While there is a large number of California’s law enforcement who are dead set against seeing Proposition 64 pass, there is one group – whose word carries a lot of weight in the world of marijuana policy reform – who has decided they are ready to endorse the Adult Use of Marijuana Act. Law Enforcement Against Prohibition, or LEAP, is one of the oldest pro-marijuana legalization groups around. The group was established in 2002 and have been helping to spread the word for years, that there are more important issues for law enforcement to focus on.
The group is made up of a blend of police officers, judges, prosecutors and other criminal justice professionals, all of whom believe that if marijuana were legal, there could be better relationships between law enforcement and the residents they serve to protect.
“This initiative is the best chance California has to end a failed war on marijuana,” says Diane Goldstein, a LEAP executive board member and a retired lieutenant commander with the Redondo Beach Police Department. “It’s our best hope to reduce the power of cartels operating in our state, to generate much-needed resources for law enforcement and create a new system of regulation and control that will greatly improve public health and safety for all Californians.”

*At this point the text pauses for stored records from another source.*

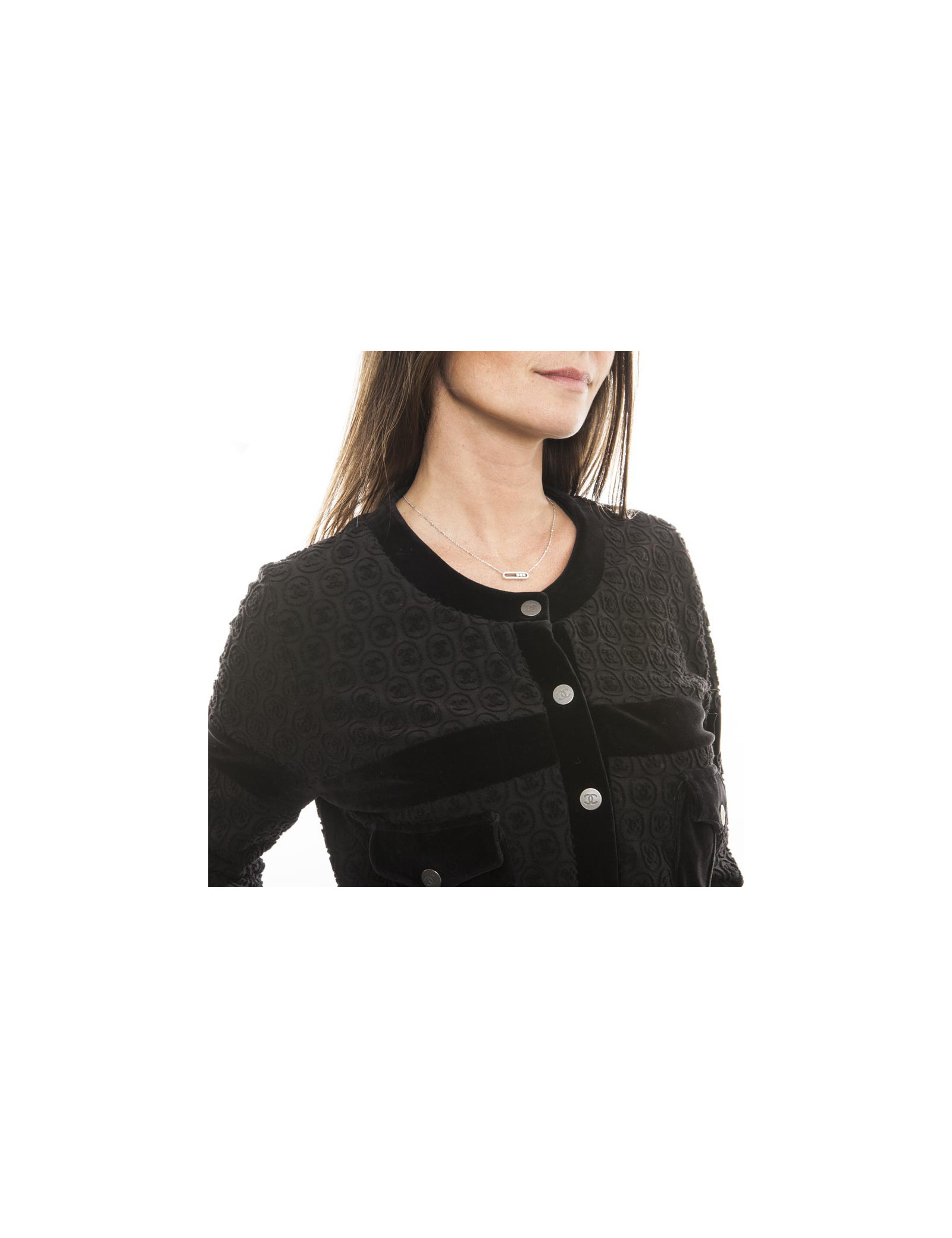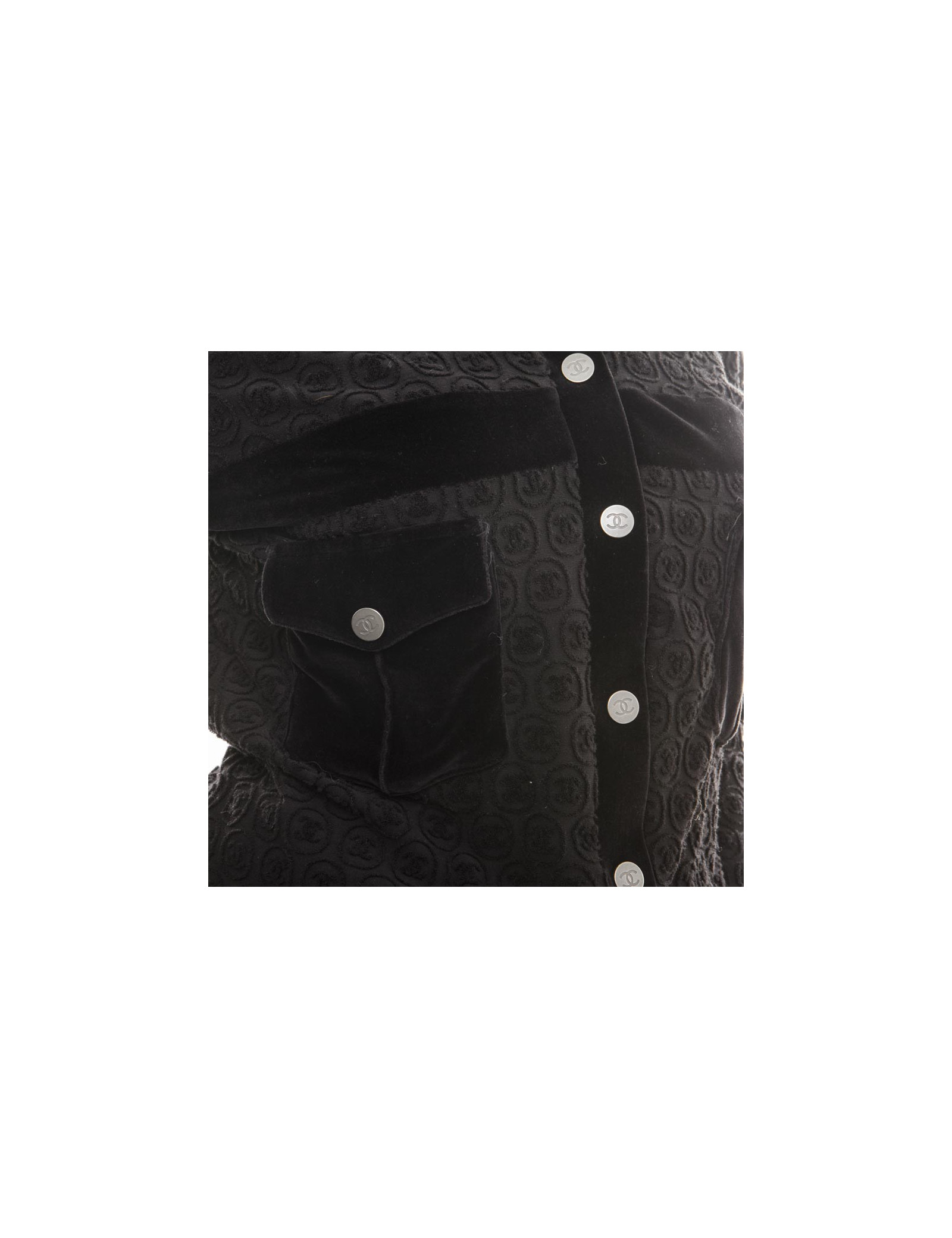 Blouson de la maison Chanel en coton noir siglé "CC". Fermeture par boutons pression "CC", avec deux petites poches au niveau de la poitrine (fermeture par pression) et est entièrement siglé "CC". Doublure en modal et coton noir.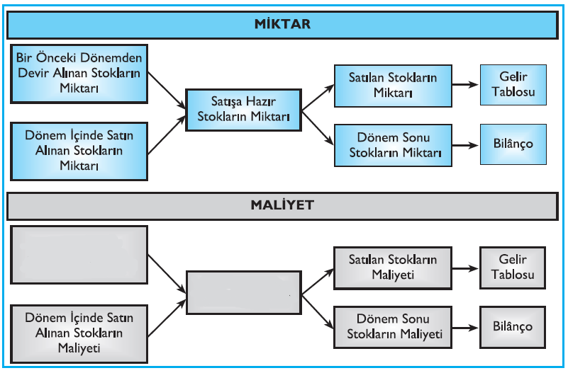 İlgili boşluklara sırasıyla; dönem başı stokların maliyeti ve satılmaya hazır stokların maliyeti kavramları yerleştirilmelidir.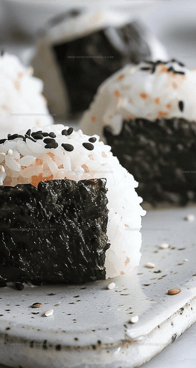 - Optional: Sprinkle black sesame seeds over the onigiri for added texture and visual appeal.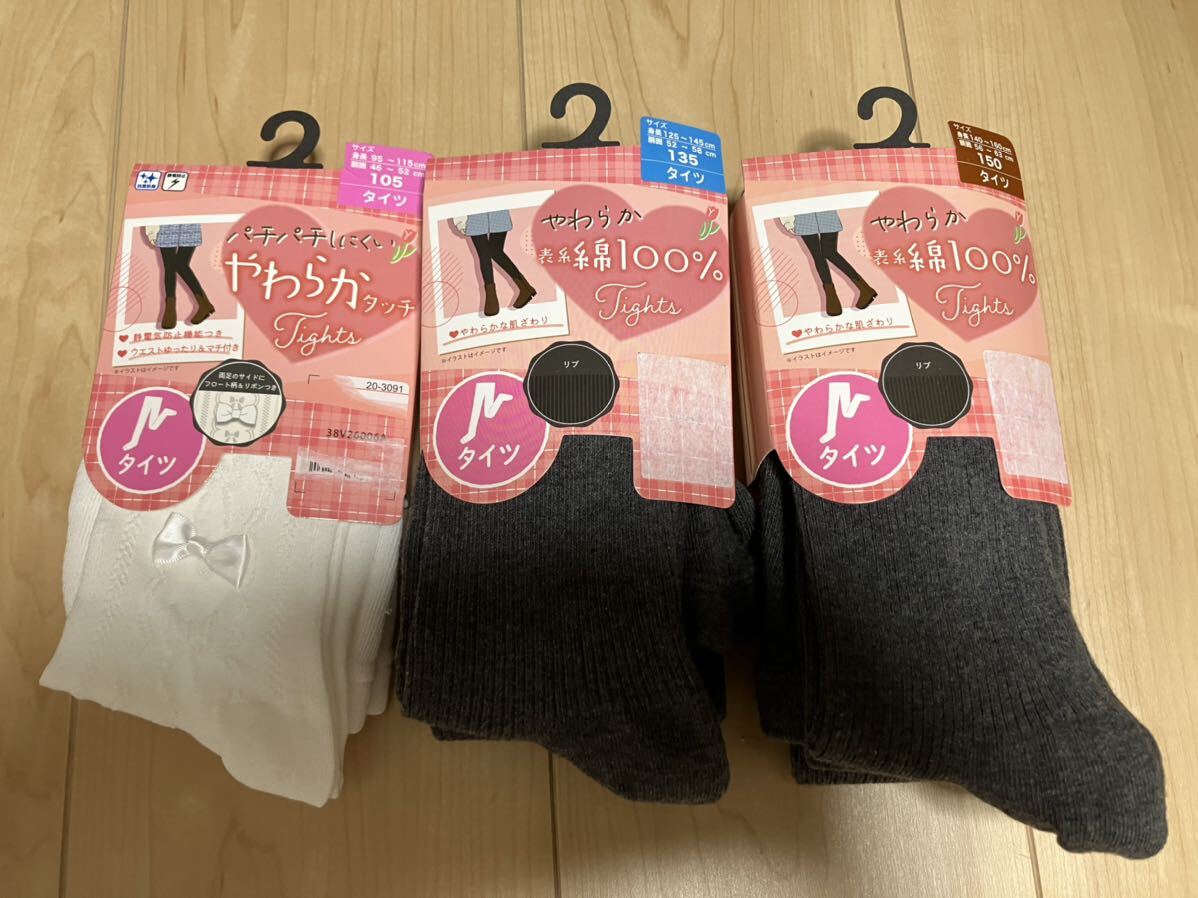 - キッズタイツ 3種セット あったか 姉妹 105 135 150 リボン

With the large number of groups backing Proposition 64, they are sure to get their word out to the voters of California – by the time November rolls around everyone will know that this is about more than simply allowing a number of us to legally consume pot. We will also be creating an industry that can open up jobs, entrepreneurial creatives can thrive in a new environment and law enforcement can focus on real crimes like robbery, rape and murder, rather than whether or not that guy was puffing a little reefer down the street.